Education and profit
Jamie Whyte writes in the NZ Herald:
On these pages late last year, Linda Mitchell, an education lecturer at Waikato University
I tend to stop reading when I see the phrase “education lecturer at Waikato”! But Jamie did read it.
She claimed the quest for profits damages the service provided. Or, as she put it, an interest “in making profits for owners or shareholders positions Evolve Education Group at odds with more community spirited aims to invest fully in the service itself”.
That profits injure consumers is a familiar idea. But this should not blind readers to its absurdity.
Kindergartens, like most enterprises, need capital and labour. The capital pays for the buildings, equipment and so on, and provides cover for “rainy days” when costs exceed revenue. The labour at a kindergarten is mainly teaching but people also work on administration, cleaning and maintenance.
Ms Mitchell is right that if the people who contributed capital were not paid for it then more could be spent on educating the children.
Yet the same is true of those who provide labour. Imagine a kindergarten with four teachers. If they all took a 20 per cent pay cut, they could hire a fifth teacher on the same pay and give more attention to each child. If they worked for nothing, they could hire even more extra teachers and pay for all sorts of other services that might benefit the children.
Why does Ms Mitchell not lament the fact that teachers are paid for supplying labour? Why is paying teachers not also “at odds with more community spirited aims to invest fully in the service itself”?
Excellent points by Dr Whyte. Why do they argue against a return on capital, yet for a return on labour.

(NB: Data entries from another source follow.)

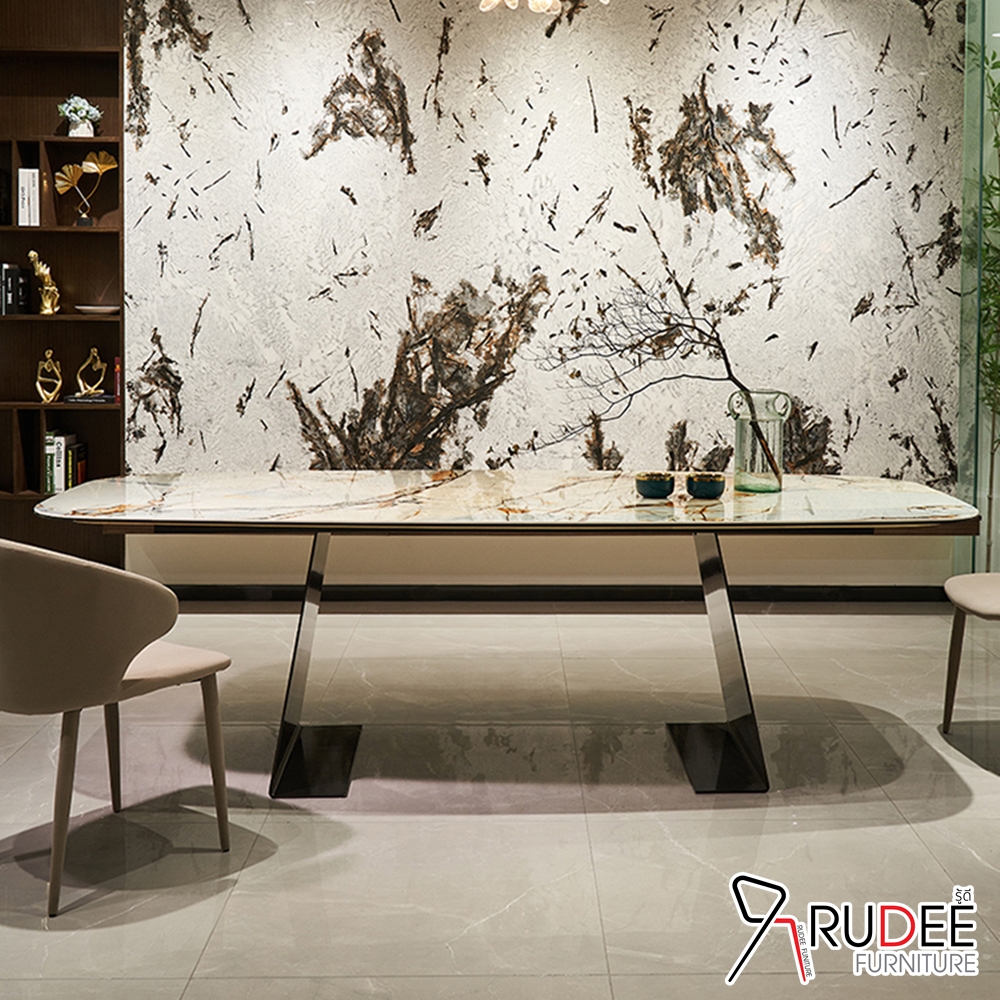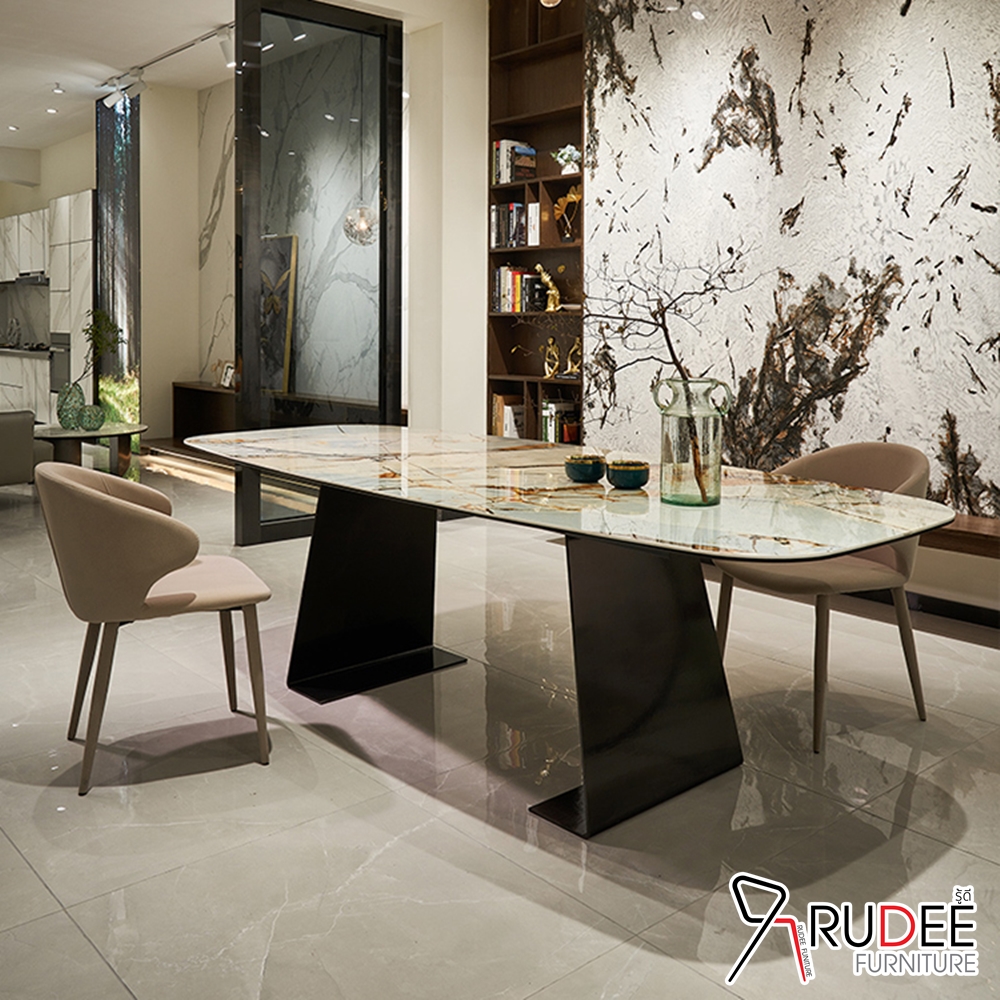 โต๊ะอาหารหินอ่อน โครงขาสแตนเลส RD-DINTABLE-RB-14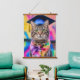 Lebhaftes Hängeband mit skurrilen Kunstwerken. Dieses charmante Tabby mit einer blauen Gradmütze und einem gefärbte Krawatte-Schal hinter einem pskychedelischen Hintergrund. Alma Wad nutzte Canva AI, um dieses Meisterwerk zu kreieren. Ideal für alle, die niedliche Katzen, psychedelische Vibes und lustiges Abschluss Thema Lieben.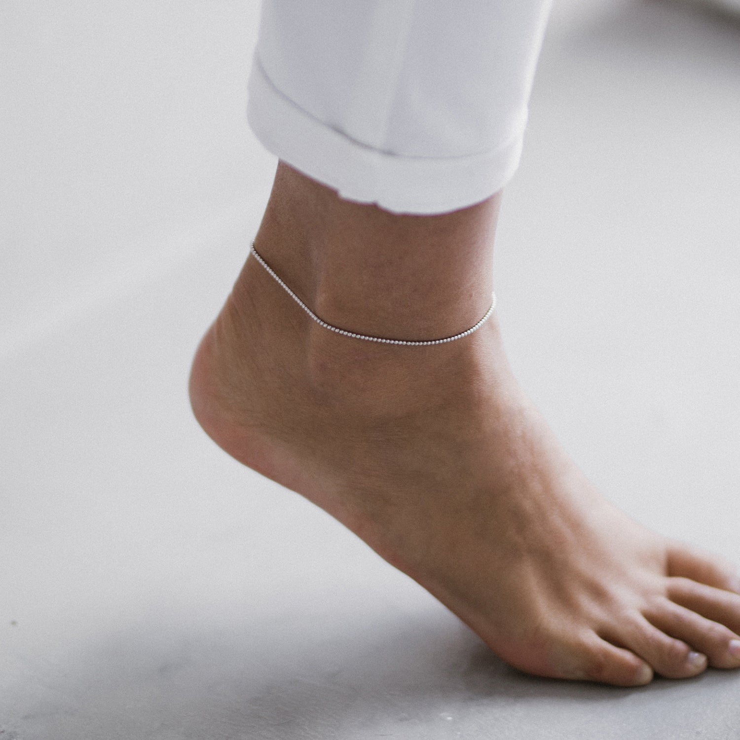 Pulseira de tornozelo de corrente de bolinhas de prata 925.

Second, eliminating profit harms the intended beneficiaries: in this case, children receiving preschool education. A kindergarten that gets its capital from profit-seeking investors must provide a good service. If it doesn’t, parents will take their children elsewhere and profits will decline. If the kindergarten performs very poorly, it may even go out of business and lose its shareholders the money they invested. A privately owned kindergarten, like any privately owned enterprise, has a powerful commercial incentive to provide a good product or service.
Yep. Unlike at school level, pupils are not forced into their nearest school.
Ms Mitchell pointed to the insolvency of ABC, an Australian preschool company, as evidence against private ownership. This is the crowning glory of her confusion. That underperforming private firms are subject to insolvency is a virtue of private ownership, not a vice.
The same applies to charter schools. A charter school that fails will be closed down. State schools that fail get given more money.